日経平均は反落。1日の米株式市場でNYダウは176ドル安と続落。好決算を発表したセールスフォースが相場を押し上げ、序盤は上昇したが、5月ISM製造業景況指数が予想外に前月比で上昇したことで長期金利が上昇、原油価格の上昇も背景に連邦準備制度理事会(FRB)による積極的な利上げへの警戒感が再燃し、結局下落した。ナスダック総合指数も-0.71%と続落。こうした流れを引き継いで日経平均は117.37円安からスタート。朝方に27251.24円(206.65円安)まで下落したが、ナスダック100先物がプラス圏に転じたことや、1ドル=130円台に再び乗せた円安進行が下支えとなり、その後は切り返す展開。前引けにかけて前日終値近辺まで戻した。ただ、27500円を手前に上値は重く、午後はもみ合い。一時下げ幅を広げる場面があったが引けにかけて持ち直した。

 大引けの日経平均は前日比44.01円安の27413.88円となった。東証プライムの売買高は10億9537万株、売買代金は2兆5463億円だった。セクターでは鉱業、医薬品、精密機器が下落率上位となった一方、石油・石炭、保険、ゴム製品が上昇率上位となった。東証プライムの値下がり銘柄は全体の65%、対して値上がり銘柄は32%となった。

 個別では、レーザーテック<6920>、ソニーG<6758>、リクルートHD<6098>、ルネサス<6723>、任天堂<7974>などの主力ハイテク・グロース(成長)株が総じて大幅に下落。INPEX<1605>や住友鉱山<5713>など資源関連株の一角も安い。ユニ・チャーム<8113>、花王<4452>、味の素<2802>などの内需系銘柄や、武田薬<4502>、アステラス薬<4503>、塩野義<4507>など医薬品株の多くが大きく下落。東証プライム市場値下がり率上位にはシグマクシス<6088>、ラクスル<4384>、ギフティ<4449>、ラクス<3923>などの中小型グロース株が多く並んだ。

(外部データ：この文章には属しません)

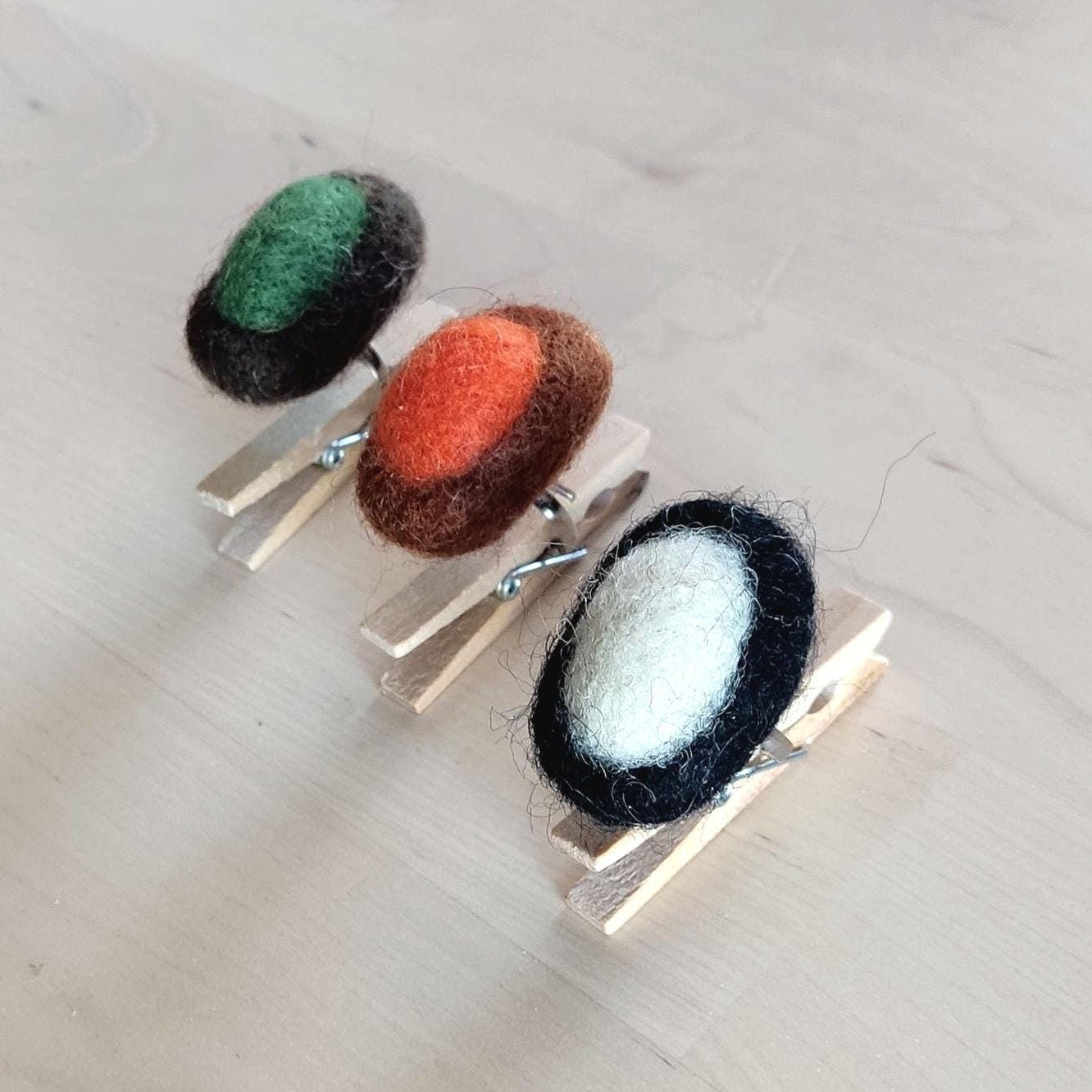 - Set of 3 coordinating felt rings in earthy, neutral tones

 一方、アフリカ子会社売却や自社株買い積極化の姿勢が評価された関西ペイント<4613>が急伸。目標株価の引き上げを受けた大阪チタニウム<5726>も急伸し、東邦チタニウム<5727>は連れ高の展開。フリュー<6238>はカバレッジ開始を受けて大幅に上昇。ダブル・スコープ<6619>はレーティング最上位継続が好感され急伸。レーティング格上げを受けて太陽誘電<6976>とリコー<7752>が買われた。海運では川崎汽船<9107>が一時大幅安も切り返して上昇。円安進行を支援要因に三菱自<7211>も大幅高。東証プライム売買代金ではその他、ファーストリテ<9983>、TDK<6762>、東芝<6502>が大きく上昇。東証プライム値上がり率上位には決算が好感された内田洋行<8057>などもランクイン。